GIVEN MATERIAL:
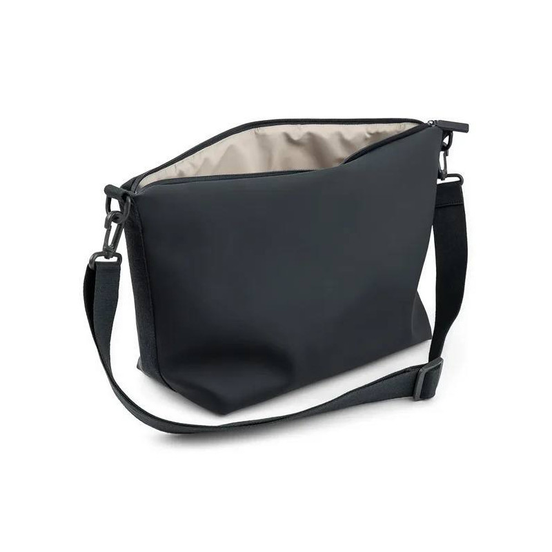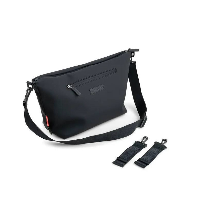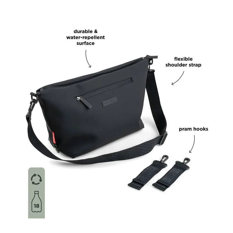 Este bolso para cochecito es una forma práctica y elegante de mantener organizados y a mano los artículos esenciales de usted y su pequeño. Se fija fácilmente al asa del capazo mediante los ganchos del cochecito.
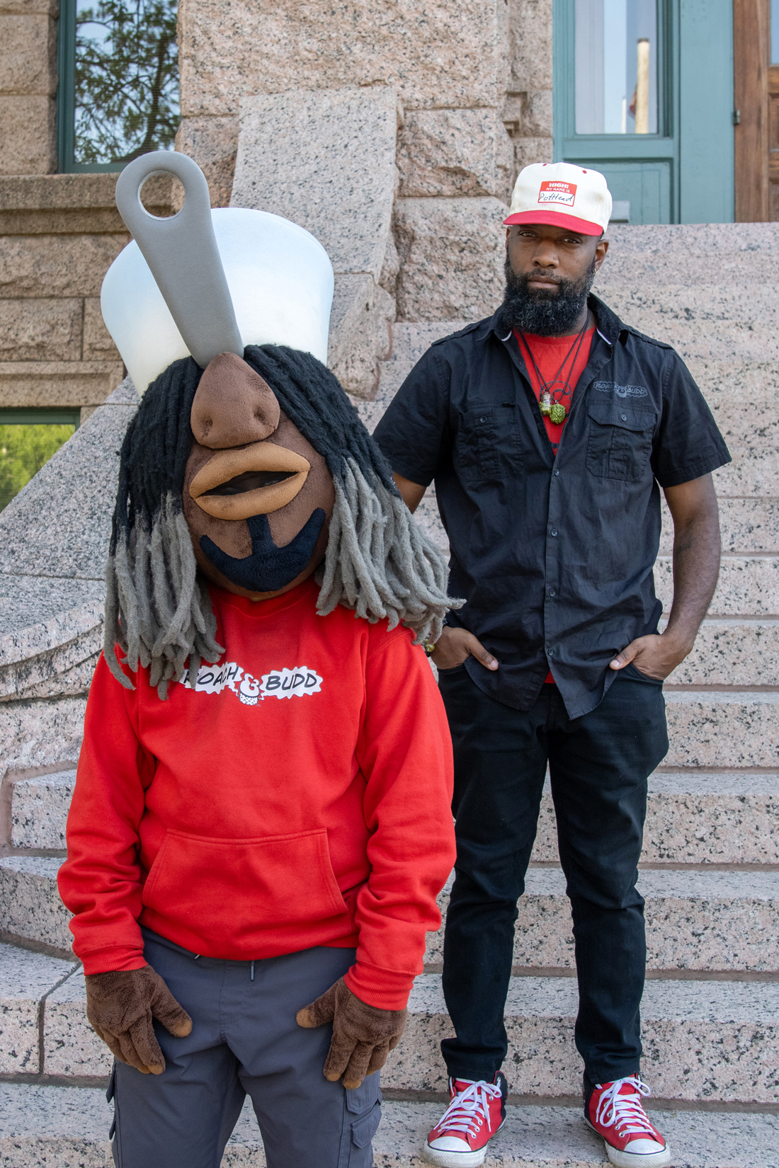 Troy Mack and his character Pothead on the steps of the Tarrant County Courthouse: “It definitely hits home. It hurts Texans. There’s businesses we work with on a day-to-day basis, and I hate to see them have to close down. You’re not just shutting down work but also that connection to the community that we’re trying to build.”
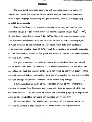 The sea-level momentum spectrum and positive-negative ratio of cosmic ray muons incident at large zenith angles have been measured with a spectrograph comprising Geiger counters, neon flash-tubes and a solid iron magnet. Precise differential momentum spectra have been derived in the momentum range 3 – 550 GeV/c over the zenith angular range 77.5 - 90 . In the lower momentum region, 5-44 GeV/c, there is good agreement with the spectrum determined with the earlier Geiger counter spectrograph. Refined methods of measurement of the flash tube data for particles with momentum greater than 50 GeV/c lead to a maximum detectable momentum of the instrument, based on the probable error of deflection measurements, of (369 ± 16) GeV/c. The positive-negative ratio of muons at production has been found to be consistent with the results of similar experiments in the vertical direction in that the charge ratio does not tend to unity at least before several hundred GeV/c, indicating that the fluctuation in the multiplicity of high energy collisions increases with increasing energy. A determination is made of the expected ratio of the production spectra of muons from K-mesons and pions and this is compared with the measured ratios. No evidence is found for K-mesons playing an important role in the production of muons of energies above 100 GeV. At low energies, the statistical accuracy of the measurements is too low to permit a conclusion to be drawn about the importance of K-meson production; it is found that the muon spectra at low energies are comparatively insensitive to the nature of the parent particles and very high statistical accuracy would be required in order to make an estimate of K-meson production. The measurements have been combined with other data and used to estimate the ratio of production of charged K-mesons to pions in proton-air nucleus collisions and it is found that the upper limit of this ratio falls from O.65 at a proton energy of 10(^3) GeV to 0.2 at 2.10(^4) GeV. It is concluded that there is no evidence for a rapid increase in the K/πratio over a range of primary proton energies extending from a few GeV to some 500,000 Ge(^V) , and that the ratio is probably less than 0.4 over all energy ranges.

TASK DESCRIPTION:
A faithful copy of all the lines above is needed, with the pictures omitted.

FINISHED TASK:
 Este bolso para cochecito es una forma práctica y elegante de mantener organizados y a mano los artículos esenciales de usted y su pequeño. Se fija fácilmente al asa del capazo mediante los ganchos del cochecito.
 Troy Mack and his character Pothead on the steps of the Tarrant County Courthouse: “It definitely hits home. It hurts Texans. There’s businesses we work with on a day-to-day basis, and I hate to see them have to close down. You’re not just shutting down work but also that connection to the community that we’re trying to build.”
 The sea-level momentum spectrum and positive-negative ratio of cosmic ray muons incident at large zenith angles have been measured with a spectrograph comprising Geiger counters, neon flash-tubes and a solid iron magnet. Precise differential momentum spectra have been derived in the momentum range 3 – 550 GeV/c over the zenith angular range 77.5 - 90 . In the lower momentum region, 5-44 GeV/c, there is good agreement with the spectrum determined with the earlier Geiger counter spectrograph. Refined methods of measurement of the flash tube data for particles with momentum greater than 50 GeV/c lead to a maximum detectable momentum of the instrument, based on the probable error of deflection measurements, of (369 ± 16) GeV/c. The positive-negative ratio of muons at production has been found to be consistent with the results of similar experiments in the vertical direction in that the charge ratio does not tend to unity at least before several hundred GeV/c, indicating that the fluctuation in the multiplicity of high energy collisions increases with increasing energy. A determination is made of the expected ratio of the production spectra of muons from K-mesons and pions and this is compared with the measured ratios. No evidence is found for K-mesons playing an important role in the production of muons of energies above 100 GeV. At low energies, the statistical accuracy of the measurements is too low to permit a conclusion to be drawn about the importance of K-meson production; it is found that the muon spectra at low energies are comparatively insensitive to the nature of the parent particles and very high statistical accuracy would be required in order to make an estimate of K-meson production. The measurements have been combined with other data and used to estimate the ratio of production of charged K-mesons to pions in proton-air nucleus collisions and it is found that the upper limit of this ratio falls from O.65 at a proton energy of 10(^3) GeV to 0.2 at 2.10(^4) GeV. It is concluded that there is no evidence for a rapid increase in the K/πratio over a range of primary proton energies extending from a few GeV to some 500,000 Ge(^V) , and that the ratio is probably less than 0.4 over all energy ranges.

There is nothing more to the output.